TASK DESCRIPTION
Line by line, give the data again exactly as it appears, but without pictures.

Records contained in a dataset
·····

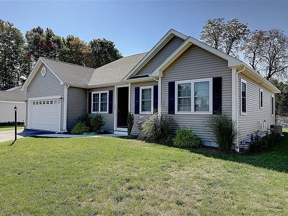 Better than new 2 bedroom 2 full bath ranch built in 2017. This is perfect a condo alternative. Kitchen has granite and stainless appliances, Living room has gas fireplace, hardwoods, office, 2 car garage large fenced in back yard gas heat, and new on demand hot water heater, AC, full basement.Close to highways, shopping. Across the street from Kirkbrae Country Club. Act now wont last.
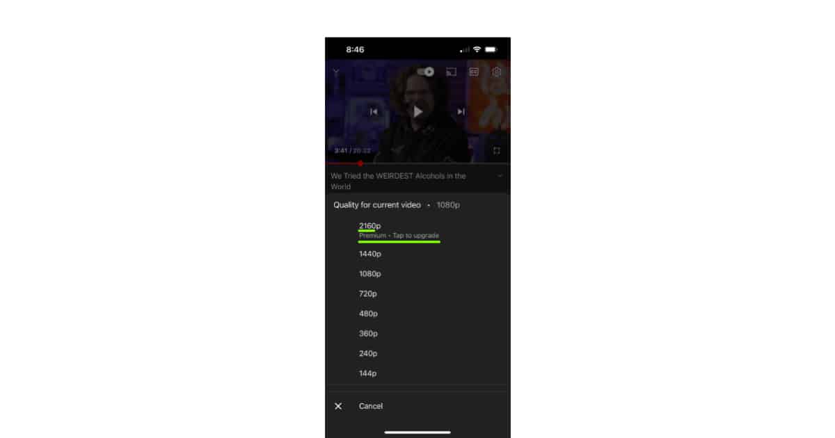 ผู้ใช้ Reddit ชื่อ u/Ihatesmokealarms โพสต์ภาพหน้าจอแอป YouTube บน iPhone ที่แสดงตัวเลือก 2160p (4K) ที่มีคำว่า “Premium” กำกับอยู่ด้านล่าวตัวเลขความละเอียดที่มาพร้อมลิงก์ “Tap to upgrade” เพื่ออัปเกรดสมาชิกเป็น YouTube Premium นอกจากผู้ใช้รายนี้แล้ว ยังมีผู้ใช้คนอื่นๆ รายงานสิ่งที่พบแบบนี้เหมือนกันบน Reddit
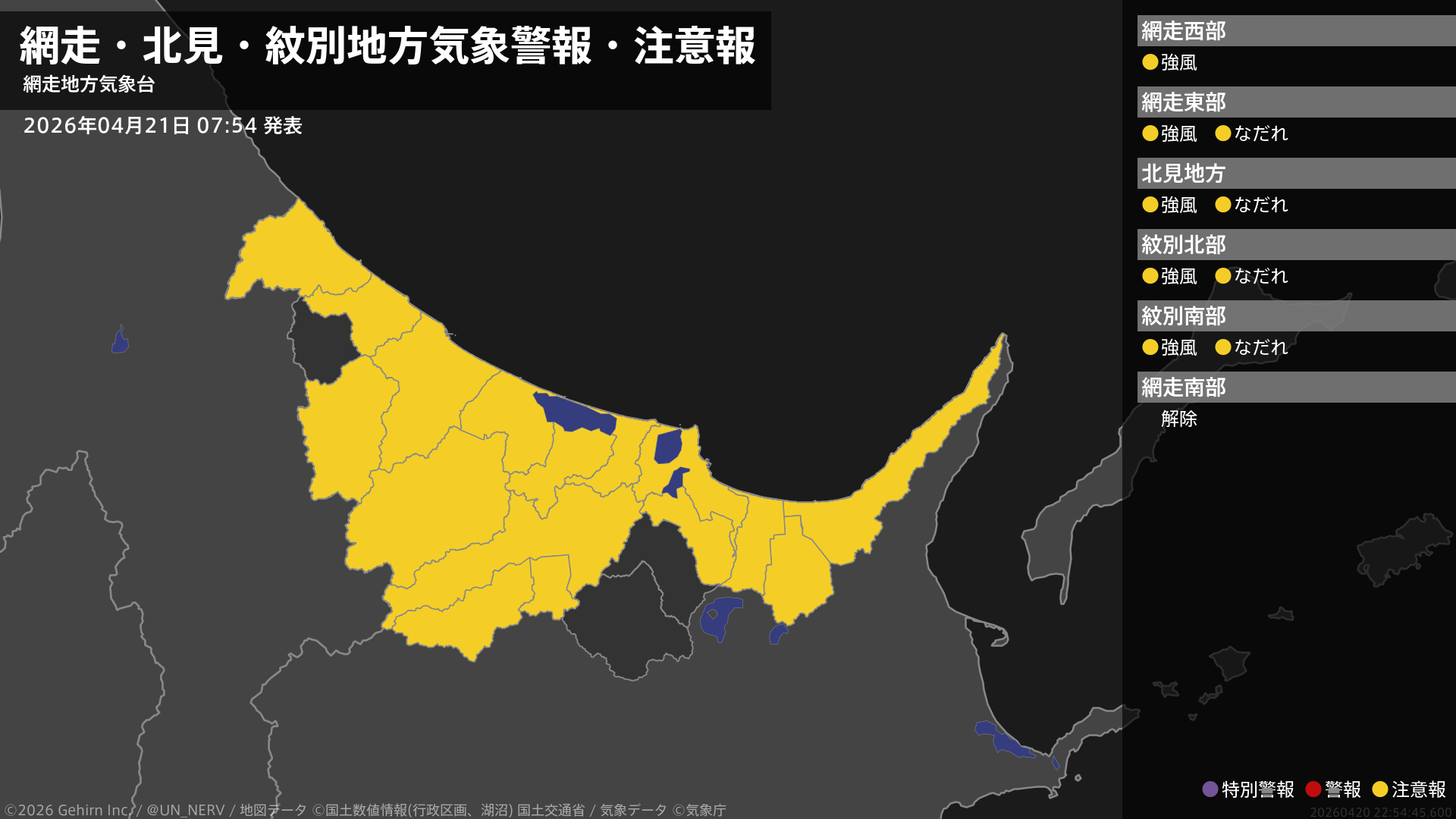 【網走・北見・紋別地方 気象警報・注意報 2026年04月21日 07:54】網走、北見、紋別地方では、21日夕方まで強風に、21日までなだれに注意してください。#気象警報注意報 #網走・北見・紋別地方
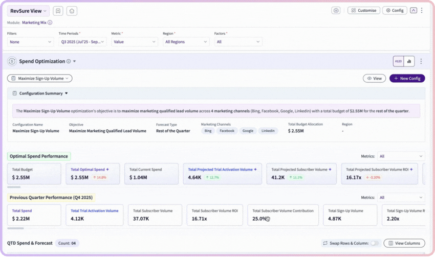 Take the guesswork out of budget allocation. With MMX Hierarchical Planning & Optimization, you can confidently reallocate budgets across channels and regions based on real performance data and predictive ROI.
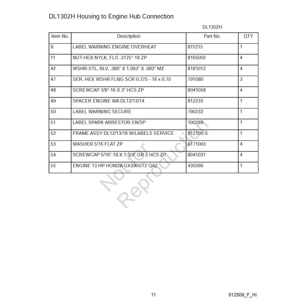 Parts Diagram - DL1302H Housing to Engine Hub Connection
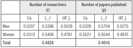 The analysis of data by gender of the number of researchers and papers published against the professional grade is shown in Table 2. Said table shows in general terms that women researchers have a larger presence at the lower professional grade levels, such as L_1 and el Candidate (Ca), representing 22.1% and 18.57%, respectively, of the total number researchers, while male researchers are represented in the higher levels (Up_L) at 16.37% of the total. Other research has obtained similar results, showing a presence of women researchers higher than that of male counterparts in the lowest professional grade levels, and lower presence in the higher levels (Abramo, D'Angelo y Caprasecca, 2009; Mauleón y Bordons, 2006; Mauleón, Bordons y Oppenheim, 2008; Caputo, Requena y Vargas, 2012). In terms of scientific output of female researchers, this value came in higher at the highest professional levels (Up_L), at 22.6% of the papers published by women. Male researchers also boast higher scientific output at the highest level (Up_L), at 34.79% papers published by men, and at a proportion much higher than seen in women researchers.
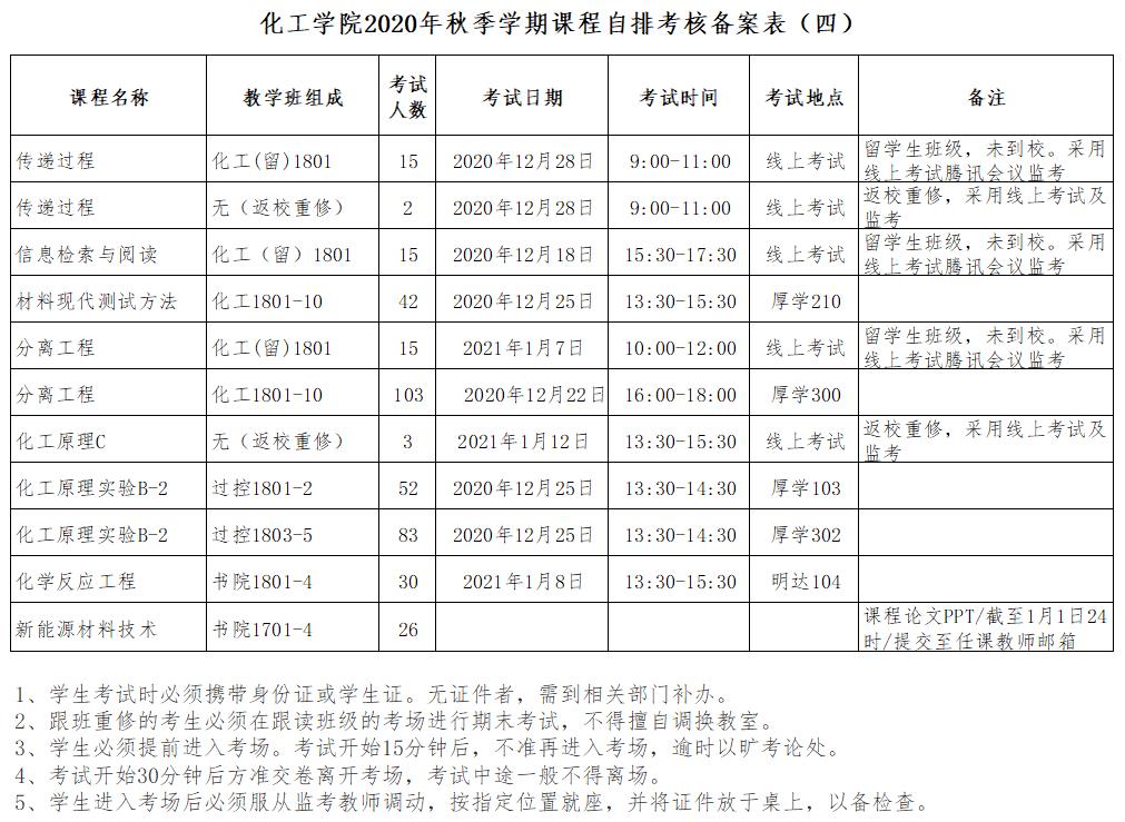 太阳成集团tyc234cc2020年秋季学期课程自排考核备案表(四)
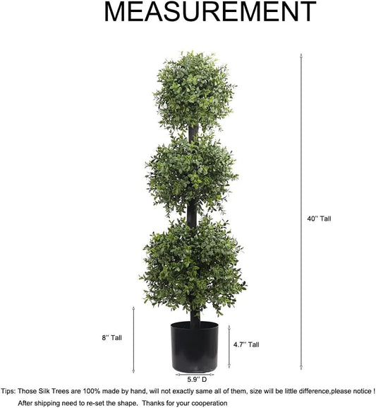 38''T Artificial Boxwood Topiary Triple Ball Outdoor Potted Plants Anti-UV Front Door Decor 2Pack
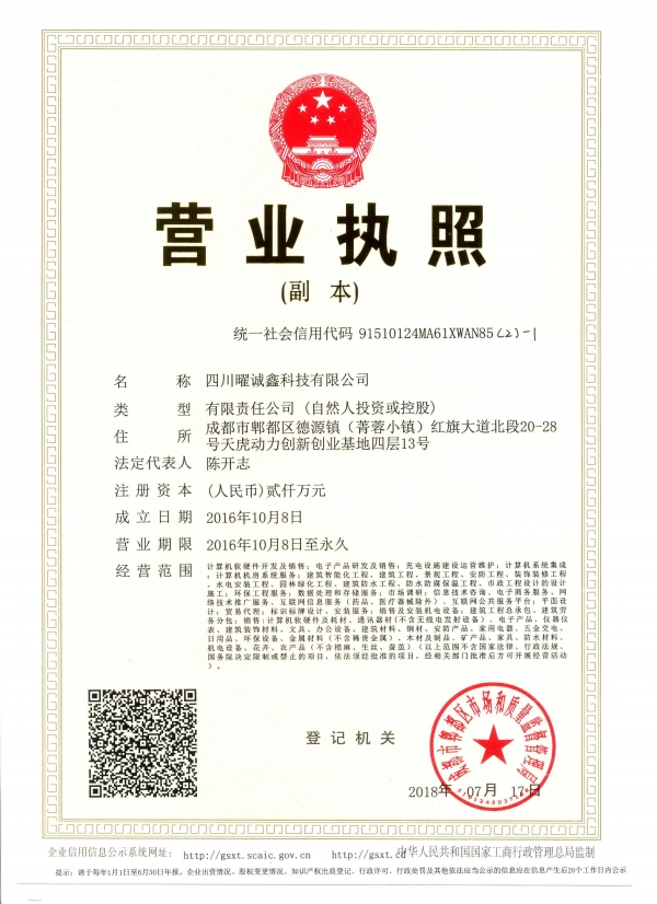 四川曜诚鑫科技有限公司”成立于2016年10月,注册资金2000万元,是由“国家双创示范基地”、“天府创业创新基地”郫都区菁蓉镇引进的首批高科技企业,公司主力从事智能化设备的开发及应用,已先后服务于政府、房地产、国企以及中小企业。 “嗨充”智能充电系统解决方案,是我公司新近开发的新项目和技术,整体技术全部由我公司设计完成,完全具有自主知识产权(现正在申请专利技术及知识产权),整体解决方案具有安全可靠、智能化程度高、新型全自动等特点,受到了菁蓉镇的高度重视,菁蓉镇为公司提供全面的政策优势和产业优势,将致力于打造安全智能充电系统整体解决方案提供商。
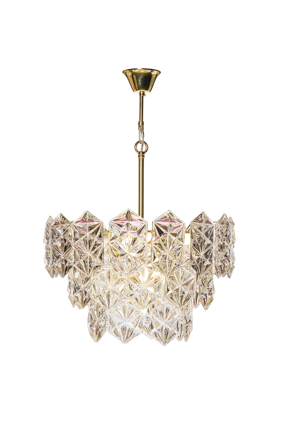 овременная потолочная люстра TENDER в стиле ар-деко выполнена из множества стеклянных элементов в виде кристаллов, которые преломляют свет и создают бесподобный эффект мягкого сияния. Визуально дизайнерская люстра с подвесками напоминает купол, который скрывает лампы и мягко рассеивает свет, создавая уютную атмосферу в помещении. Данная модель легко справляется со своими основными функциями и декоративными задачами за счет блеска латуни и легкости стекла. Если вам нужна красивая, надежная стеклянная люстра, дизайн которой будет актуальным годами, обратите внимание на TENDER. Эстетика и качество в этом светильнике – на высоте! Рекомендованная площадь освещения - 16-22 м2

·····

RESPONSE FOR THIS EXERCISE
 Better than new 2 bedroom 2 full bath ranch built in 2017. This is perfect a condo alternative. Kitchen has granite and stainless appliances, Living room has gas fireplace, hardwoods, office, 2 car garage large fenced in back yard gas heat, and new on demand hot water heater, AC, full basement.Close to highways, shopping. Across the street from Kirkbrae Country Club. Act now wont last.
 ผู้ใช้ Reddit ชื่อ u/Ihatesmokealarms โพสต์ภาพหน้าจอแอป YouTube บน iPhone ที่แสดงตัวเลือก 2160p (4K) ที่มีคำว่า “Premium” กำกับอยู่ด้านล่าวตัวเลขความละเอียดที่มาพร้อมลิงก์ “Tap to upgrade” เพื่ออัปเกรดสมาชิกเป็น YouTube Premium นอกจากผู้ใช้รายนี้แล้ว ยังมีผู้ใช้คนอื่นๆ รายงานสิ่งที่พบแบบนี้เหมือนกันบน Reddit
 【網走・北見・紋別地方 気象警報・注意報 2026年04月21日 07:54】網走、北見、紋別地方では、21日夕方まで強風に、21日までなだれに注意してください。#気象警報注意報 #網走・北見・紋別地方
 Take the guesswork out of budget allocation. With MMX Hierarchical Planning & Optimization, you can confidently reallocate budgets across channels and regions based on real performance data and predictive ROI.
 Parts Diagram - DL1302H Housing to Engine Hub Connection
 The analysis of data by gender of the number of researchers and papers published against the professional grade is shown in Table 2. Said table shows in general terms that women researchers have a larger presence at the lower professional grade levels, such as L_1 and el Candidate (Ca), representing 22.1% and 18.57%, respectively, of the total number researchers, while male researchers are represented in the higher levels (Up_L) at 16.37% of the total. Other research has obtained similar results, showing a presence of women researchers higher than that of male counterparts in the lowest professional grade levels, and lower presence in the higher levels (Abramo, D'Angelo y Caprasecca, 2009; Mauleón y Bordons, 2006; Mauleón, Bordons y Oppenheim, 2008; Caputo, Requena y Vargas, 2012). In terms of scientific output of female researchers, this value came in higher at the highest professional levels (Up_L), at 22.6% of the papers published by women. Male researchers also boast higher scientific output at the highest level (Up_L), at 34.79% papers published by men, and at a proportion much higher than seen in women researchers.
 太阳成集团tyc234cc2020年秋季学期课程自排考核备案表(四)
 38''T Artificial Boxwood Topiary Triple Ball Outdoor Potted Plants Anti-UV Front Door Decor 2Pack
 四川曜诚鑫科技有限公司”成立于2016年10月,注册资金2000万元,是由“国家双创示范基地”、“天府创业创新基地”郫都区菁蓉镇引进的首批高科技企业,公司主力从事智能化设备的开发及应用,已先后服务于政府、房地产、国企以及中小企业。 “嗨充”智能充电系统解决方案,是我公司新近开发的新项目和技术,整体技术全部由我公司设计完成,完全具有自主知识产权(现正在申请专利技术及知识产权),整体解决方案具有安全可靠、智能化程度高、新型全自动等特点,受到了菁蓉镇的高度重视,菁蓉镇为公司提供全面的政策优势和产业优势,将致力于打造安全智能充电系统整体解决方案提供商。
 овременная потолочная люстра TENDER в стиле ар-деко выполнена из множества стеклянных элементов в виде кристаллов, которые преломляют свет и создают бесподобный эффект мягкого сияния. Визуально дизайнерская люстра с подвесками напоминает купол, который скрывает лампы и мягко рассеивает свет, создавая уютную атмосферу в помещении. Данная модель легко справляется со своими основными функциями и декоративными задачами за счет блеска латуни и легкости стекла. Если вам нужна красивая, надежная стеклянная люстра, дизайн которой будет актуальным годами, обратите внимание на TENDER. Эстетика и качество в этом светильнике – на высоте! Рекомендованная площадь освещения - 16-22 м2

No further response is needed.